I don’t understand mid-life orphans. They complain about caregiving responsibilities, and then, when their parents pass away, they lament about being orphans. They say they feel bereft, unmoored, devastated by life without parents. Don’t they realize how lucky they are? Having elderly parents is a privilege some of us never had.
If you’re a mid-life orphan, you’ve had the pleasure of parents for most of your adult life. You danced with your father at your wedding, you shared your joy with them when your children were born. You were able to show them the person you’ve become, and your children were able to know their grandparents. As they grew older, you were able to return the nurturing and love they gave you. Instead of mourning the loss of your parents, you should be glad for the time you had with them.
I became an orphan when I was young, and there are millions like me. My dad died when I was 7, and my mom, when I was 26. I grew up in the 50s and 60s, when hardly anyone was divorced.
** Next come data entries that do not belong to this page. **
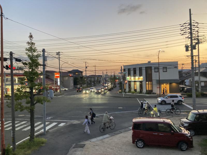 早いもので10月に入りました。日の入りがさらに早くなってきました。 18:01 西の空が茜色(あかねいろ)に染まっていました。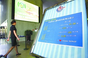 20日,中海油總部大堂豎起“每日能耗統(tǒng)計牌”,明示前一天大廈用電、用水量等信息,墻上的大屏幕則不間斷播放綠色辦公宣傳短片,這些舉措時刻提醒每一位員工節(jié)能環(huán)保。(記者童曙泉/席賀興攝 )
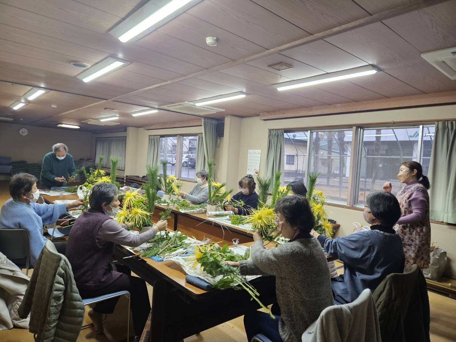 当JA女性部桑折総合支部は25日、桑折町でお正月用のフラワーアレンジメント教室を開きました。霊山町の花の店伊東から講師を招き、部員9人が参加しました。松や糸菊、南天などお正月らしい色とりどりの花材を使い、新年への願いを込めてアレンジメントを楽しみました。参加者は「良い新年が迎えられそう」と話しました。

I didn’t know anyone besides me who didn’t have two parents.
I have very few memories of my dad. For the most part, being fatherless was all I knew. That is why I was so surprised when, a few years ago, I had such a strong reaction to simple gestures I saw between fathers and daughters. In one instance, a father twirled his daughter’s hair. In another, the daughter played with her father’s fingers. These two acts of mindless intimacy created such a longing in me to have been somebody’s little girl, I was shocked. How could I, who hadn’t thought of my father in decades, yearn so much for what I hardly ever knew?
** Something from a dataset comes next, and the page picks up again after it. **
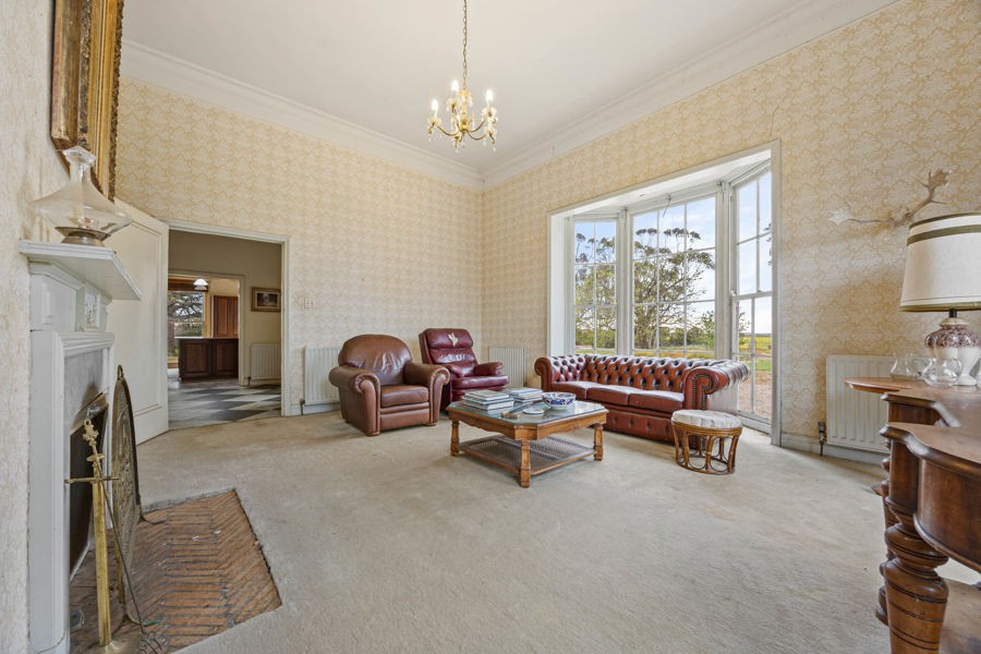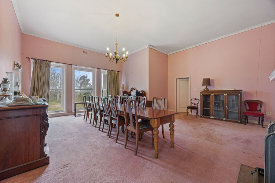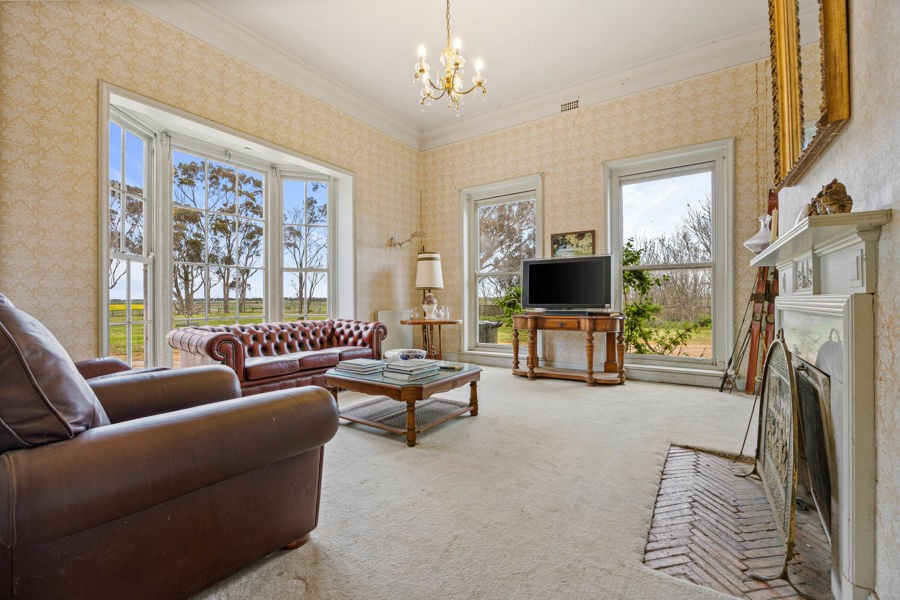 A highlight of Moorallah is its imposing six-bedroom homestead, a statement of timeless Western District architecture, set amidst sprawling lawns and mature trees. Supporting infrastructure includes a four-stand GI woolshed, machinery shedding, and well-laid-out paddocks designed for efficient mixed farming operations.

I was 24 when I learned my mother was dying. I was devastated. For months, I mourned the life events we would never share: my wedding, the birth of my children, the grown up me she would never know. To this day, I have daydreams of conversations with her. “Look Mom,” I say. “Don’t worry about me. I’m OK. I have a wonderful husband and three grown children. I started a business and helped launch an industry. I have a great life. Are you proud of me? I so want you to be proud of me.” I guess we never stop wanting our parents to be proud of us. But mostly, I just wish I could be with her again, for even one hour.
I will always remember the last time I was mothered. It didn’t seem special at the time. My mom had been in the hospital for 9 months. It was my 26th birthday, and my boyfriend had done nothing, not even a card. I walked into my mother’s hospital room. “Hi Honey, happy birthday,” she said, and I burst out crying. My mother held me and I was comforted.
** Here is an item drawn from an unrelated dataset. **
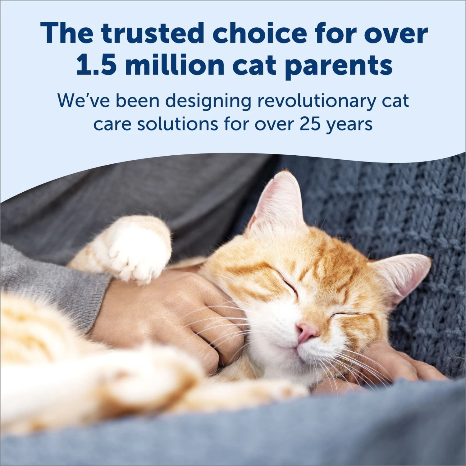 - Works with clumping litter and most other litter types (sold separately)—no trays needed.

It was years later before I realized what a gift I had received, and perhaps also the gift I had given. For months I had been managing my mother’s affairs, dealing with her doctors, paying her medical bills, being a grown up. I so longed to feel like a child again. For months my mom had depended on others. She was the patient, the sick one. I now realize how much she needed to feel like a mother again. But mostly, I remember how exquisite it felt to be mothered. Here I am, 38 years later, myself a mother and grandmother, and I yearn for that feeling still.
So perhaps I do get it — why mid-life orphans are so devastated when their parents die. No matter our age, our parents are such a primal connection that their loss leaves us missing a part of who we are. One thing is certain: I will always remember the last time I was mothered. I know I will never be loved like that again.
This post was originally published at MovingSolutions.com
Patti Winker says
Quoting author Mitch Albom: “When death takes your mother, it steals that word forever.”
My Dad died at age 62. My Mom died at age 80. I was grateful to have my Mom for as long as I did, but the pain of losing her was still so devastating. Even though I can be thankful for having her with me for so long, the grief takes over at times. It’s a battle.
I understand your initial reaction to mid-life orphans bemoaning the loss of their parents. I bemoan mid-life children who struggle with caring for their aging parents because I never had the privilege.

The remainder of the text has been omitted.